With numbers like these in hand, schools can benchmark expenses and explore tradeoffs. In an example from the first post, a high school wanted to offer girls’ lacrosse. Between renting a field, tournament fees, and a coaching stipend, the in-house cost would be about $500 per student. To benchmark these costs, the school checked the fee for a local club lacrosse team — which was just $300. The school struck an agreement with the club, opted to provide lacrosse by paying students’ club fees, and saved $200 per student that the school could use for another initiative.

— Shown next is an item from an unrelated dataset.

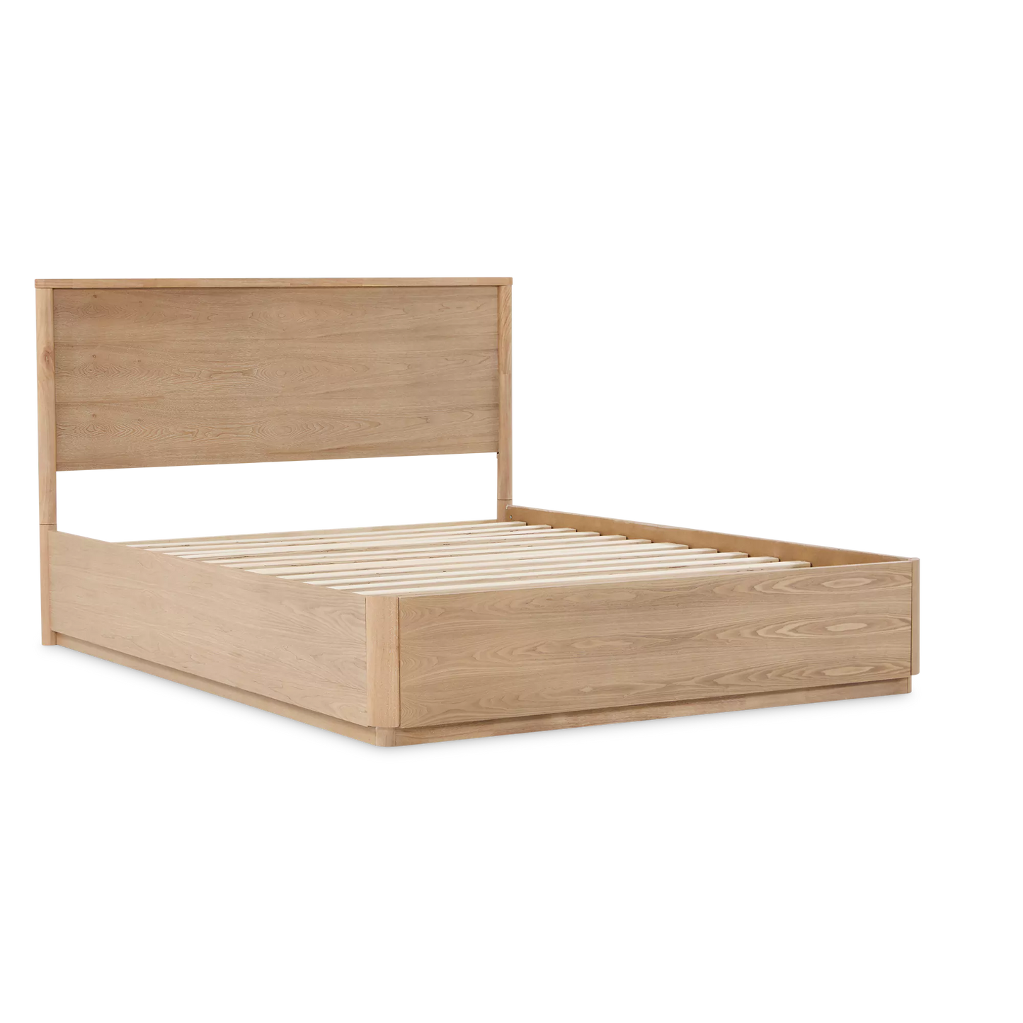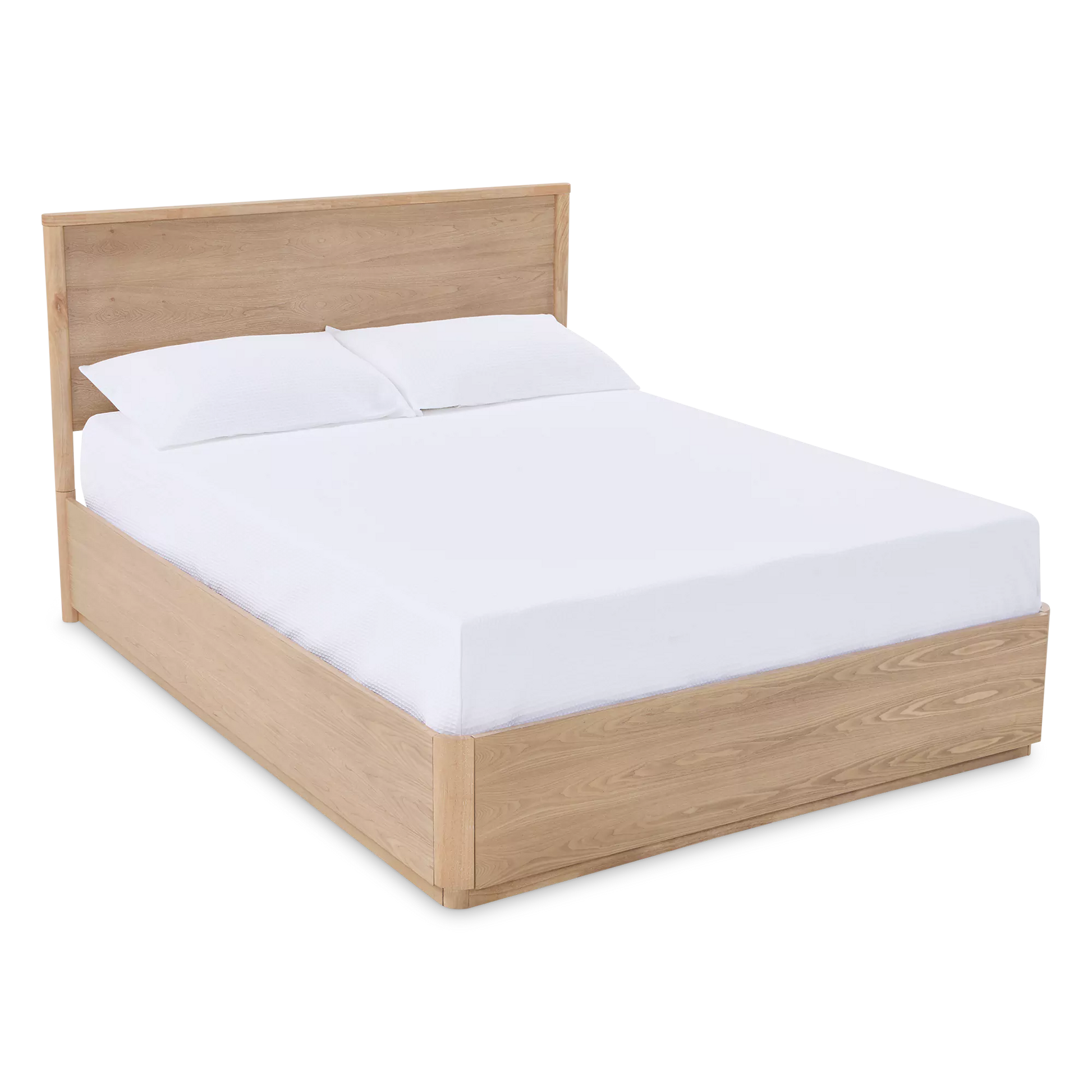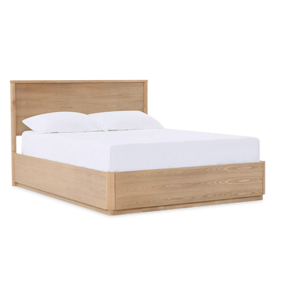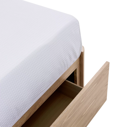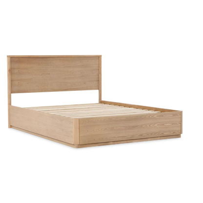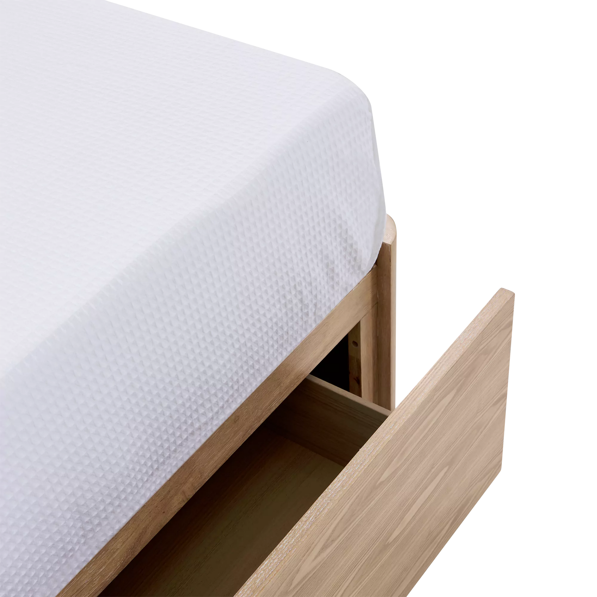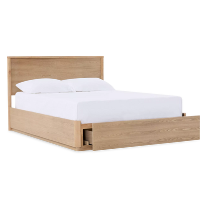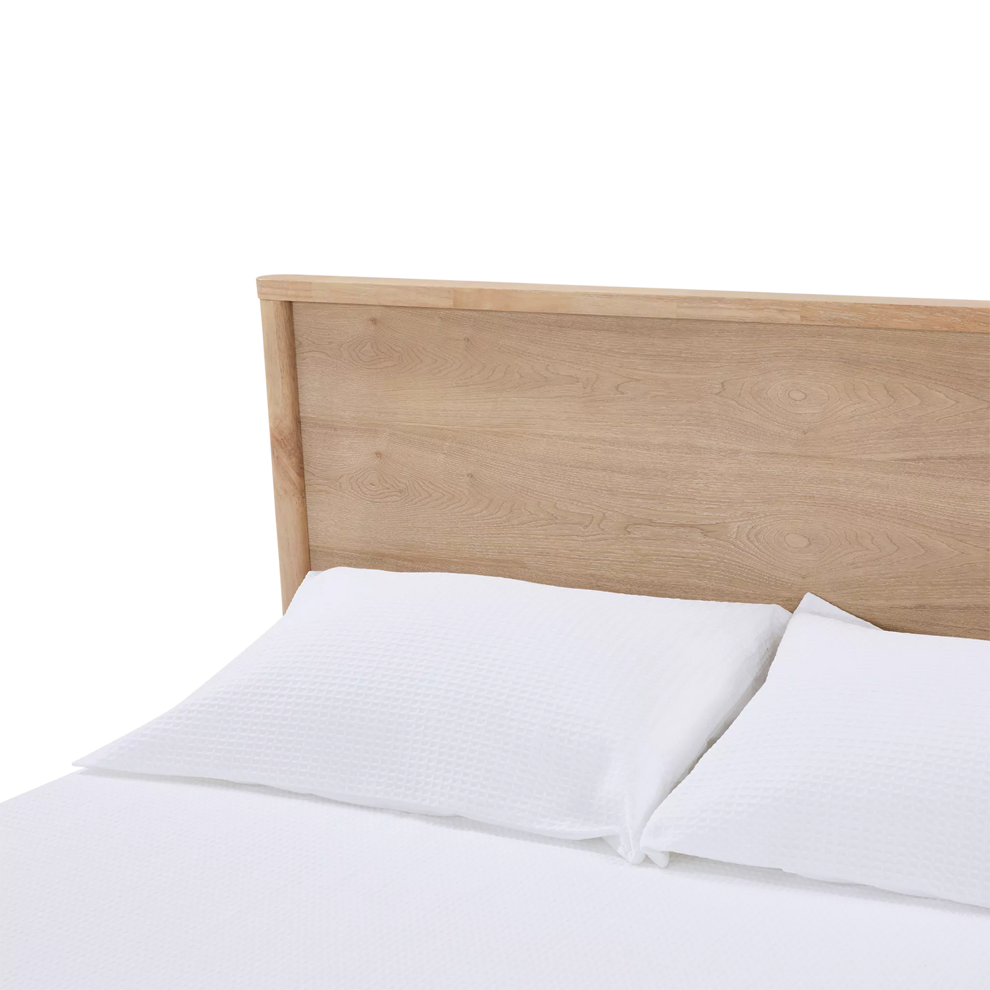 The Maiko bed combines clean design and practical function, with a beautiful blanched wood frame and spacious built-in storage drawer. Its softened edges and tall headboard give it a calming and elegant presence. Versatile and easy to style, it fits just as well in a modern bedroom as it does a rustic or country-style space.

Lastly, per-student costs can be used to communicate more clearly about how a school makes spending choices. In one Seattle Catholic middle school, students participate in end-of-year capstone trips. The trips start local and small in fifth grade and culminate with a longer trip in eighth grade. The field trips in fifth, sixth, and seventh grade each cost under $400 per student, but the eighth-grade multi-city cross-country trip costs more than $3,000 per student. Taking stock of the price of different offerings (particularly for the eighth-grade trip) has prompted ongoing conversations about lower-cost trip alternatives, and about value versus cost. Without the hard numbers, these conversations lack the cost-analysis element that is critical for financial sustainability.
Per-student costs are also helpful in conversations about aides and class sizes. Edunomics has worked with schools where teachers request more aides. Imagine a school where four classrooms will split an aide who earns $28,000 a year. For the same cost, each teacher could have a $7,000 raise to cover the extra workload. Such numbers can help staff understand the tradeoff between more staffing and their own salary trajectories.
Some schools may still choose expensive things. A costly program can be a good option if there’s a dedicated revenue source (a dedicated funder, perhaps) or if the program is so core to the mission that the school’s leaders choose to spend a disproportionate amount of money on it.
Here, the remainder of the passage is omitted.